Zoca isn't building a software company. It's leading a marketing revolution that's inevitable on this market – and it won't stop until it owns it.
Cohesive ([related review](/review/sdelaj-to-bez-chego-oni-ne-smogut-obojtis)), currently in Y Combinator, is building an "automated growth platform for local businesses" with a different target segment: owners of home services businesses – HVAC, plumbing, roofing, painting. Cohesive assumes those owners have no time for marketing and handles outbound for them: the AI identifies nearby companies and homeowners likely to need their services, writes outreach emails, and fills the CRM with leads the owner can follow up when ready.
Cohesive automates outbound sales. Zoca generates and handles inbound inquiries. Different mechanics, same principle – stop asking small business owners to do marketing. Give them tools that do it for them.
Building those tools – whether as platforms, AI agents, or something else entirely – is the core direction here.
The market is enormous. There are roughly 35 million small businesses in the US – 99.9% of all American companies.
The beauty and wellness local services segment that Zoca targets alone is worth $750 billion. The total US local services market reached $3.3 trillion in 2023 and is projected to approach $10 trillion by 2032.
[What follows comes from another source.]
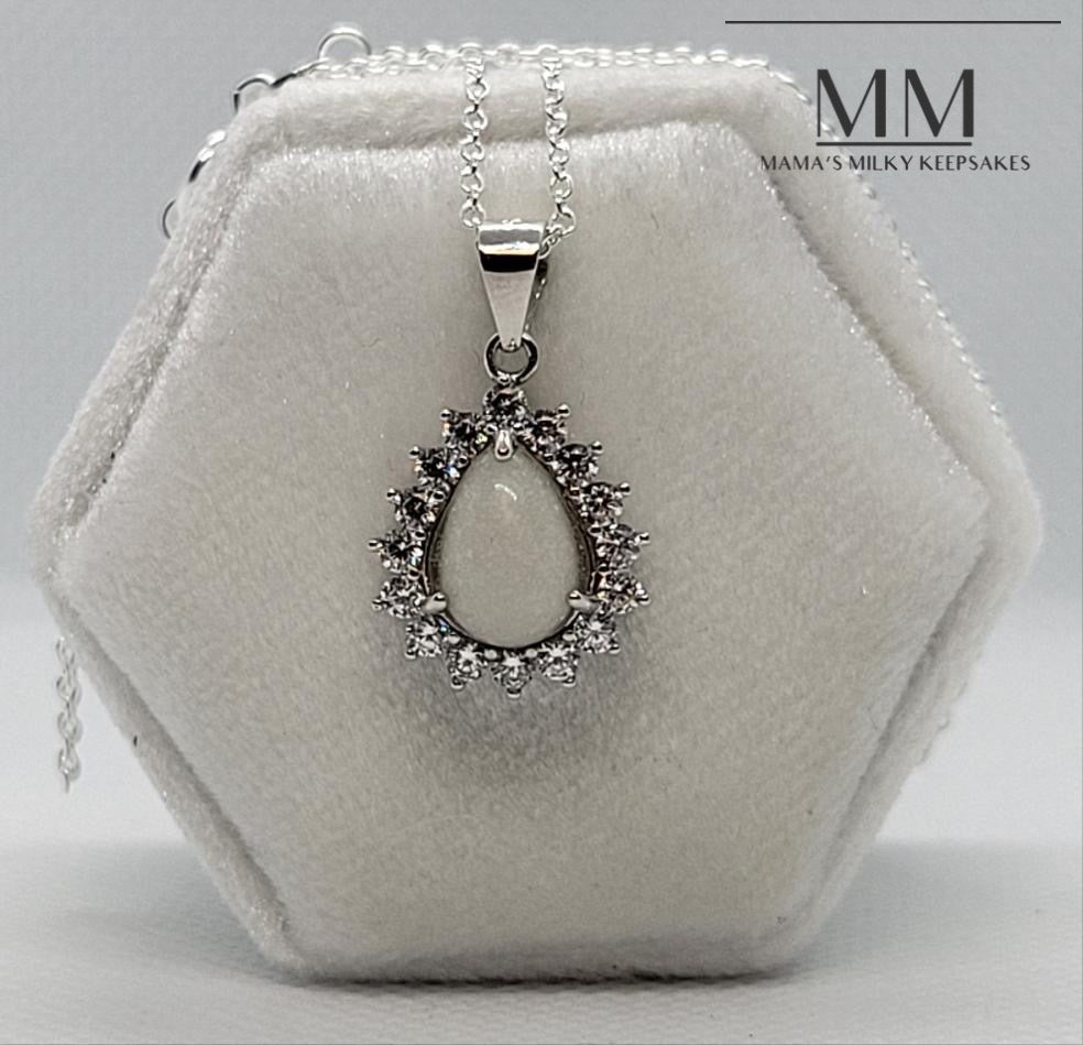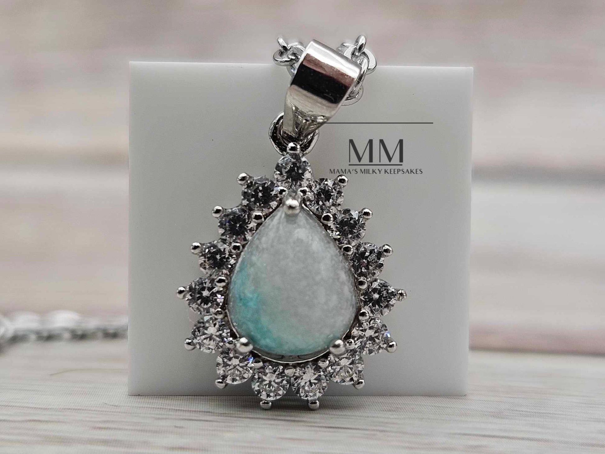 This necklace pendant holds a 8x10mm pear stone made with your inclusions, this piece can hold anything you want it to hold including breastmilk, ashes, formula, hair, pet hair, pet ashes, (not limited to dogs, cat, horses, send me a message!), gravesite soil, dried flowers, umbilical cord, encapsulated placenta, fabric, ect.

AI is coming to this market. The only question is which platforms small businesses will adopt. The answer is obvious: the ones that don't require owners to become marketing experts. Simply because they don't have the time – and never will.
Which, incidentally, confirms a point from the previous review: startups don't have to replace workers. They can do for their users what their users simply don't have time to do. Especially for small businesses and solo operators, that principle works remarkably well.